Segment Start: Dataset section

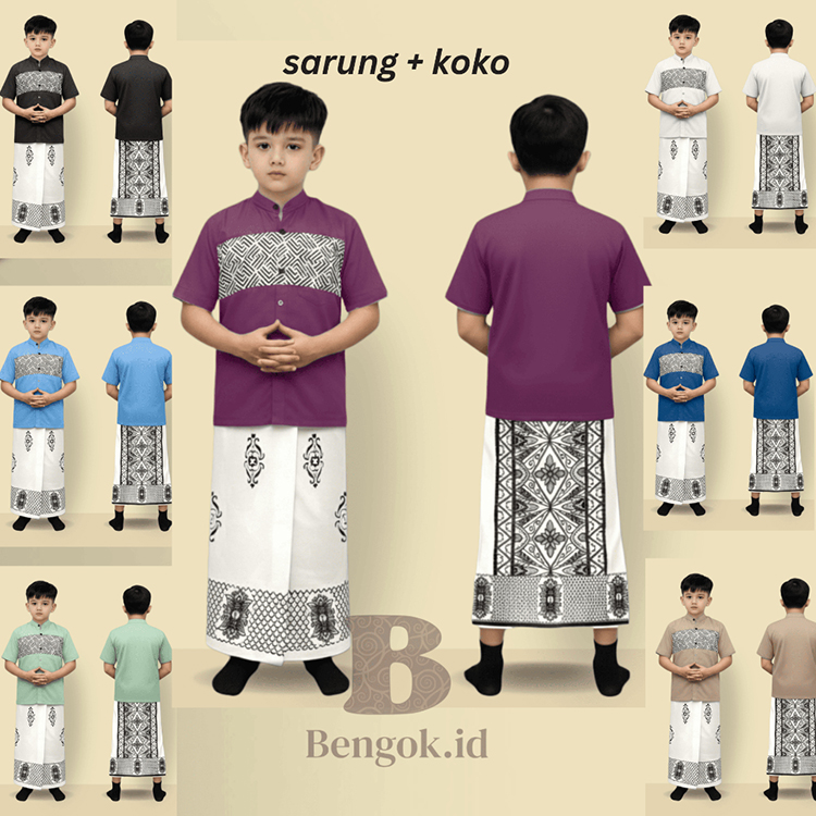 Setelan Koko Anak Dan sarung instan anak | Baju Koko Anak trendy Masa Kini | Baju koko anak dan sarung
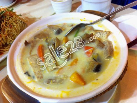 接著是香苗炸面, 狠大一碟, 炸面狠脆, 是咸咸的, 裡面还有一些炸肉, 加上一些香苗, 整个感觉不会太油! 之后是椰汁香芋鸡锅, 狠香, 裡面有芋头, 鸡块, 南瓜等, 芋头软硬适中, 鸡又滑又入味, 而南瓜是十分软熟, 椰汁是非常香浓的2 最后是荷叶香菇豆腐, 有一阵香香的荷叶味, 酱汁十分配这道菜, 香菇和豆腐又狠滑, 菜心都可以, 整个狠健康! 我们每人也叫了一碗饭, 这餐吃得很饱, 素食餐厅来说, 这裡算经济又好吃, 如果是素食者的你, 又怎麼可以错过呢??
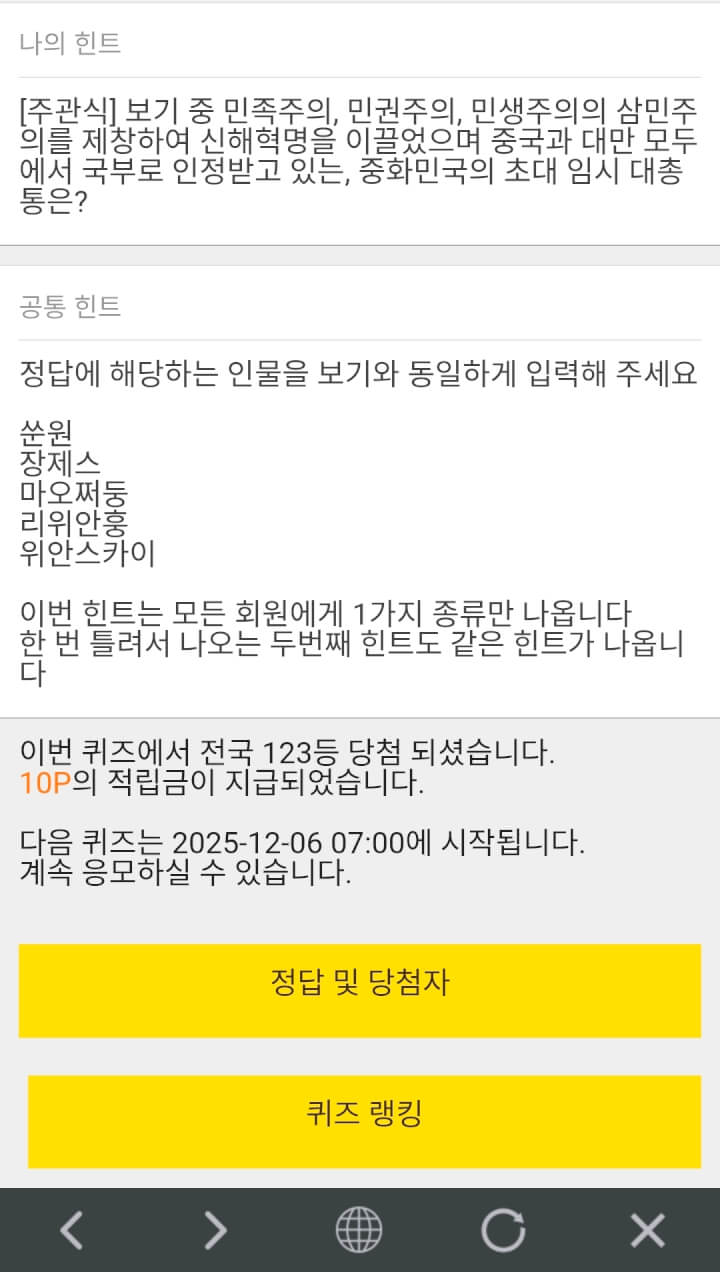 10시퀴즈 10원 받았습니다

Segment End: Dataset section

→ Task instructions: Return the material above verbatim, minus the pictures.

→ Task result:
 Setelan Koko Anak Dan sarung instan anak | Baju Koko Anak trendy Masa Kini | Baju koko anak dan sarung
 接著是香苗炸面, 狠大一碟, 炸面狠脆, 是咸咸的, 裡面还有一些炸肉, 加上一些香苗, 整个感觉不会太油! 之后是椰汁香芋鸡锅, 狠香, 裡面有芋头, 鸡块, 南瓜等, 芋头软硬适中, 鸡又滑又入味, 而南瓜是十分软熟, 椰汁是非常香浓的2 最后是荷叶香菇豆腐, 有一阵香香的荷叶味, 酱汁十分配这道菜, 香菇和豆腐又狠滑, 菜心都可以, 整个狠健康! 我们每人也叫了一碗饭, 这餐吃得很饱, 素食餐厅来说, 这裡算经济又好吃, 如果是素食者的你, 又怎麼可以错过呢??
 10시퀴즈 10원 받았습니다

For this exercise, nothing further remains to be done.